Design YouTube / Video Streaming
Design video upload, transcoding, and global streaming for 1B+ daily views.
Required building blocks
Object Storage (Blob)
CDN
Message Queue
Relational DB (SQL)
Load Balancer
Nice to have
Search Index
Wide-Column Store
Canonical answer
Upload → object storage → queue → transcoder workers → multiple bitrates → CDN. Metadata in SQL; view counts in wide-column. Adaptive bitrate (HLS/DASH).
Capacity estimation
- 500K uploads/day, avg 100 MB → 50 TB/day raw ingest, ~18 PB/year before transcoding.
- Transcoding into ~6 renditions (240p–4K) → ~5x storage amplification ≈ 250 TB/day post-encode.
- 1B views/day × avg 10 MB streamed → 10 PB/day egress; CDN absorbs >95%, origin sees <500 TB/day.

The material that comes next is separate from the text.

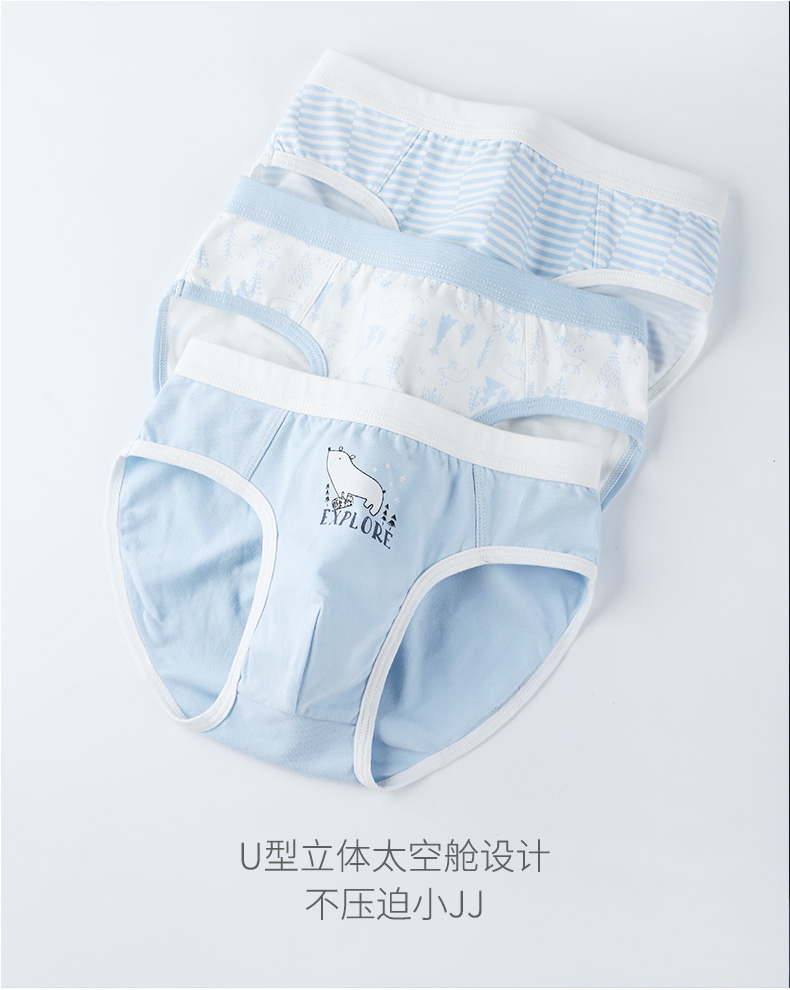 彩桥儿童内裤男纯棉裆中大童裤头3-15岁男孩短裤裤衩三角男童内裤3条装

- Peak streaming: 1B / 86400 × 3x peak ≈ 35K concurrent stream starts/sec; sustained ~5M concurrent viewers.
- Metadata: ~1B videos lifetime × 2 KB ≈ 2 TB in SQL (sharded by video_id).
- Transcoder fleet: 50 TB/day / (8 cores × 0.5x realtime) → ~30K vCPU sustained, autoscaled on queue depth.
Architecture
Uploader ─→ Resumable Upload Svc ─→ S3 (raw)
│
▼
Kafka (jobs)
│
▼
Transcoder Workers (k8s)
│
▼
S3 (HLS/DASH renditions)
│
▼
CDN (global PoPs)
▲
Viewer ─→ DNS ─→ API Gateway ─────────┘
│
▼
Metadata SQL (sharded)
View Counts (Cassandra)
Search (Elasticsearch)API
- POST /uploads/init { filename, size, mime } → { upload_id, chunk_urls[] }
- PUT /uploads/:id/chunks/:n (resumable) → 200
- POST /uploads/:id/complete → { video_id, status: processing }
- GET /videos/:id → { manifest_url, title, channel, stats }
- GET /watch/:id/manifest.m3u8 → HLS playlist (signed, CDN-served)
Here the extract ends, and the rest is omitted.